▶ Task directions: Set down, character for character, everything in the records below from the line holding "El 3 de mayo" down to the line holding "人生の目標家庭編は、「愛嬌と", and no other line.

▶ Input records:
· · ·

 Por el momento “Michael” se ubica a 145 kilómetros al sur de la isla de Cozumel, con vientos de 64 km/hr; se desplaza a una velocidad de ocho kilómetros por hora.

· · ·

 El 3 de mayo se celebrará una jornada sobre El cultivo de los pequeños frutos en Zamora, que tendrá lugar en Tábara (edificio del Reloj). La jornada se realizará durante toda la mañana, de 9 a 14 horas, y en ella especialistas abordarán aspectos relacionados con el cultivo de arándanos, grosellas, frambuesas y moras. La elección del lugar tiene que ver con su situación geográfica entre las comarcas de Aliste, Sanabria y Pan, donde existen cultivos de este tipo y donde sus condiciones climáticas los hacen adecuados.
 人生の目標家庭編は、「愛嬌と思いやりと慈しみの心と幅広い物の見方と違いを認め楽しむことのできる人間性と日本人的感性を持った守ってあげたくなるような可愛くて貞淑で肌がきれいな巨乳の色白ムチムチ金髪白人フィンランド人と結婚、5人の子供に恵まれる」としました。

· · ·

▶ Completed task:
 El 3 de mayo se celebrará una jornada sobre El cultivo de los pequeños frutos en Zamora, que tendrá lugar en Tábara (edificio del Reloj). La jornada se realizará durante toda la mañana, de 9 a 14 horas, y en ella especialistas abordarán aspectos relacionados con el cultivo de arándanos, grosellas, frambuesas y moras. La elección del lugar tiene que ver con su situación geográfica entre las comarcas de Aliste, Sanabria y Pan, donde existen cultivos de este tipo y donde sus condiciones climáticas los hacen adecuados.
 人生の目標家庭編は、「愛嬌と思いやりと慈しみの心と幅広い物の見方と違いを認め楽しむことのできる人間性と日本人的感性を持った守ってあげたくなるような可愛くて貞淑で肌がきれいな巨乳の色白ムチムチ金髪白人フィンランド人と結婚、5人の子供に恵まれる」としました。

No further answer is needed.